Dominique Cap ronge son frein
Le maire de Plougastel-Daoulas, Dominique Cap, n’a pas eu les réponses espérées hier après-midi à Rennes. « On nous a confirmé que le départ serait donné de Brest. C’est tout. Il paraît qu’ils ont plusieurs pistes envisageables pour la suite. Moi, je pousse pour que le peloton passe par le vieux pont. On mettrait des bateaux sous voiles dans la rade. Avec du soleil, imaginez les images ! S’il le faut, je sortirai mon argument massue : un panier de fraises pour tout le monde, si le Tour passe par Plougastel ».

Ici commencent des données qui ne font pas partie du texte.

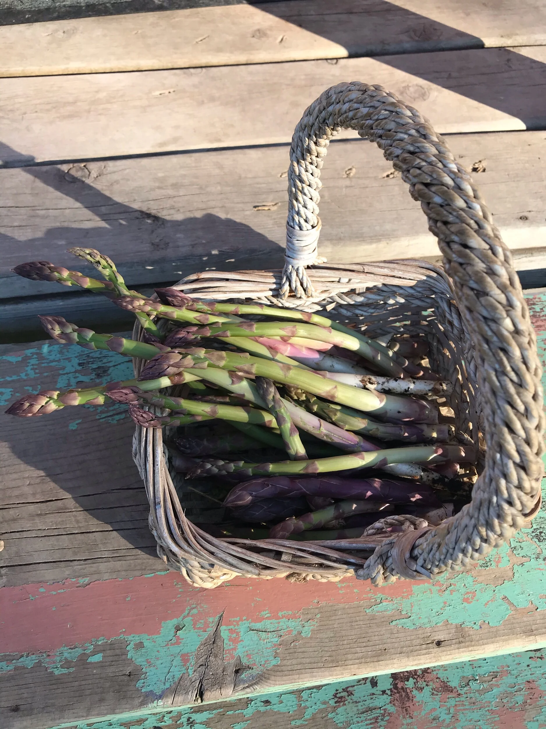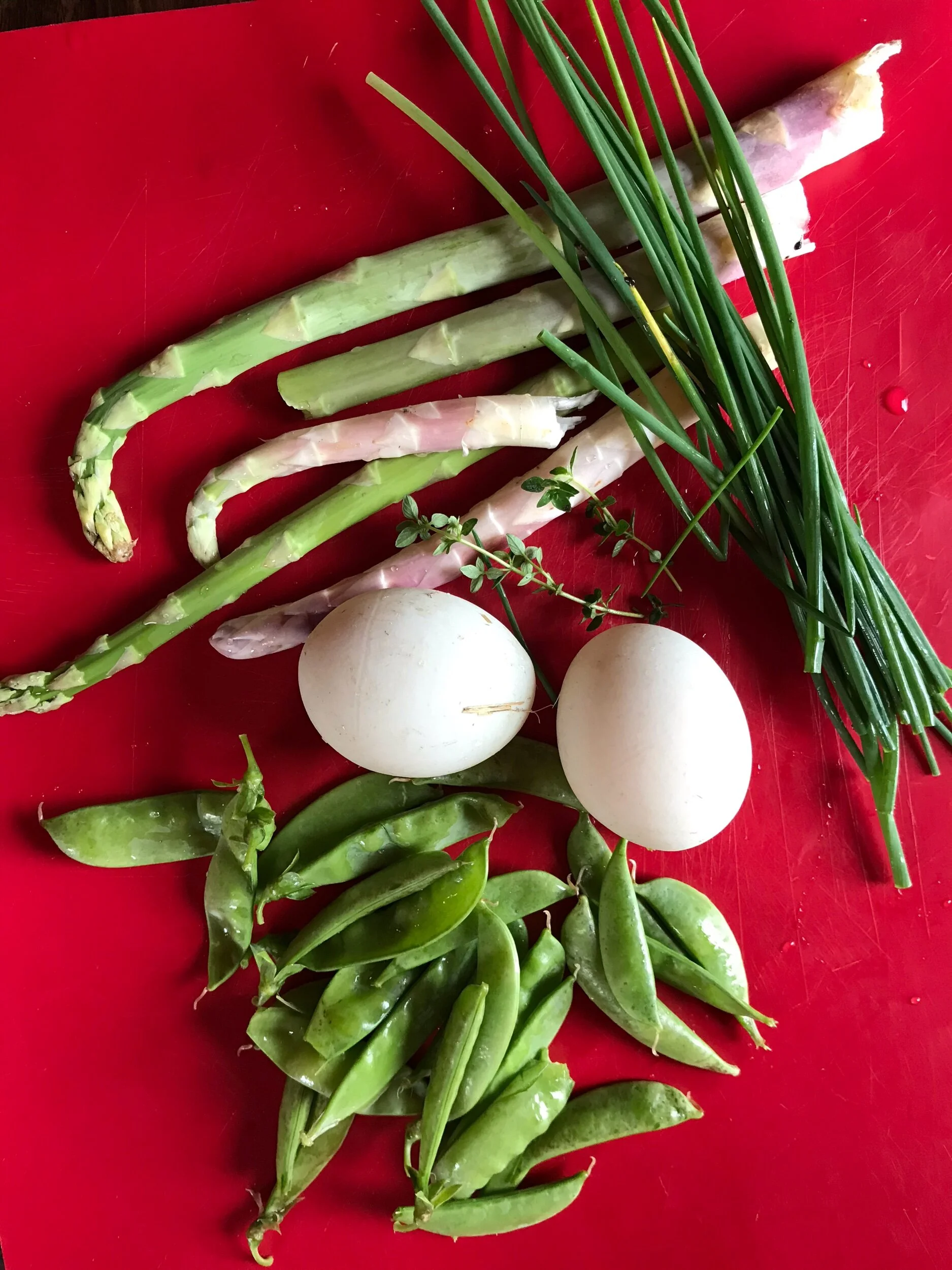 Breakfast fodder from the gardens. Okay, the peas wait for tonight’s dinner.
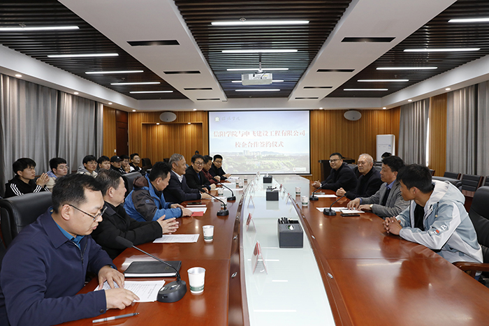 王强致欢迎辞,对申飞建设工程有限公司各位来宾表示热烈欢迎,并简要介绍了学校的发展历程、办学成果及新校区建设。他指出,土木工程学院通过与名校湖北工业大学联合办学,取得了突出成果,希望双方在学生就业、人才培养、硕士学位立项建设等方面深入合作,创新产学研融合方式,实现优势互补、资源共享、互惠互利、共同发展。
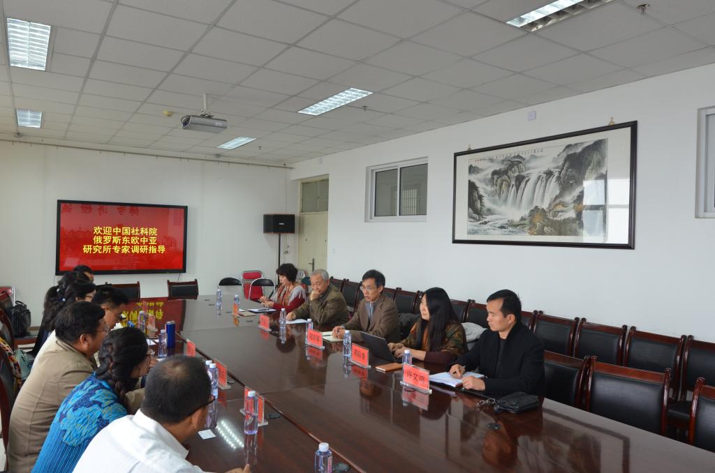 杨国涛,西部发展研究中心王国庆,阿拉伯学院白楠以及经管学院赵振宇、马晓云等部分教师代表。学院对中国社会科学院俄罗斯东欧中亚研究所专家的到来表达了感谢和欢迎。

Hôtels : 1.600 lits déjà réservés
Les coureurs du Tour de France sont-ils des clients particulièrement difficiles à accueillir ? Benoît Houssais, directeur des deux hôtels Océania de Brest, a déjà connu en 2004, à Aix-en-Provence, un débarquement de cyclistes de la Grande Boucle. Alors ?
Si Benoît Houssais assure que « ça demande presque moins de travail que l’organisation d’un gros mariage », on constate que l’accueil d’une équipe du Tour de France inclut quelques étonnantes spécificités. « Ils apportent leurs machines à laver et leurs sèche-linge ». Pas mal. « Ils viennent aussi avec un camion garage. Parfois, les mécaniciens travaillent jusqu’à minuit ». Encore mieux. Et ce n’est que la partie parking de l’accueil. Jusqu’au dernier grain de parmesan A l’intérieur de l’hôtel, le défilé des détails incongrus continue. Passons sur les massages, douches et autres pratiques hygiéniques de fin de course. Le meilleur est sur la table. « Les équipes se déplacent avec leurs ingrédients, pâtes, huiles et même parmesan, explique Benoît Houssais. Pour le reste, ça dépend. Si elles ont un sponsor qui fait des céréales, eh bien elles mangent les céréales du sponsor ». En cuisine également, le personnel est surveillé de près. « Chaque équipe dispose d’un cuisinier qui contrôle la préparation des repas ». Même pour cuire des pâtes, le chef cuistot reçoit des consignes ! Etonnant, mais « ils payent le prix d’un repas normal », alors après tout... L’ASO, association organisatrice du Tour de France, a réservé, dès le mois de décembre, 120 chambres dans les deux hôtels Océania. En tout, 1.600 lits sont d’ores et déjà réservés pour les 2, 3 et 4 juillet 2008 à Brest. « Très bonne affaire financière » « Une très bonne affaire au plan financier. Surtout qu’il y a un vendredi, un jour assez creux habituellement », se félicite Benoît Houssais. Le directeur n’a pas encore eu de contact direct avec les équipes. « C’est ASO qui s’occupe de tout et qui règle la facture. Les dirigeants des formations appelleront plus tard pour fignoler les derniers détails ». Benoît Houssais pense en accueillir trois dans son établissement et « il ne faudra pas qu’elles se rencontrent dans les couloirs ». Une contrainte de plus. La dernière. « Sinon, les coureurs sont vraiment très sympa. Ils n’ont pas cette arrogance que l’on peut retrouver chez d’autres sportifs ».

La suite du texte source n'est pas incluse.